### Information supplied
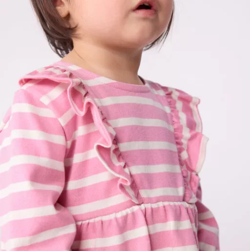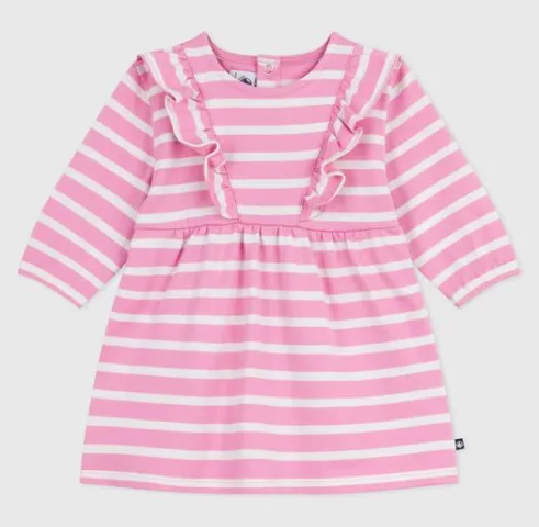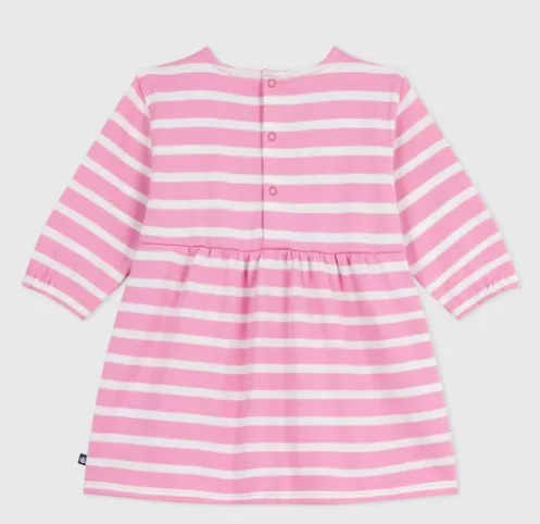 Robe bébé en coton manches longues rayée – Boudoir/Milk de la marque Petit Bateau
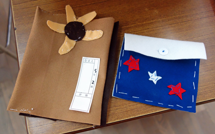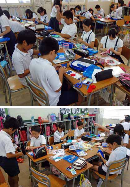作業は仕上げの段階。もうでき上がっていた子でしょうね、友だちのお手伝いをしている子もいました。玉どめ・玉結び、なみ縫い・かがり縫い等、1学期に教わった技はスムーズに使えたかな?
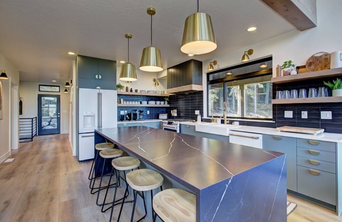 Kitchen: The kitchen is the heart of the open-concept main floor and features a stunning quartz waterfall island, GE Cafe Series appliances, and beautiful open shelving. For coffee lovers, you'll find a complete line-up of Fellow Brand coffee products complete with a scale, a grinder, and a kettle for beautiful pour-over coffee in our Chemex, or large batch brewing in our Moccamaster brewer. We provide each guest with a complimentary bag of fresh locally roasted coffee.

### Work order
Every line above should be copied exactly, apart from any pictures.

### Solution to the exercise
 Robe bébé en coton manches longues rayée – Boudoir/Milk de la marque Petit Bateau
作業は仕上げの段階。もうでき上がっていた子でしょうね、友だちのお手伝いをしている子もいました。玉どめ・玉結び、なみ縫い・かがり縫い等、1学期に教わった技はスムーズに使えたかな?
 Kitchen: The kitchen is the heart of the open-concept main floor and features a stunning quartz waterfall island, GE Cafe Series appliances, and beautiful open shelving. For coffee lovers, you'll find a complete line-up of Fellow Brand coffee products complete with a scale, a grinder, and a kettle for beautiful pour-over coffee in our Chemex, or large batch brewing in our Moccamaster brewer. We provide each guest with a complimentary bag of fresh locally roasted coffee.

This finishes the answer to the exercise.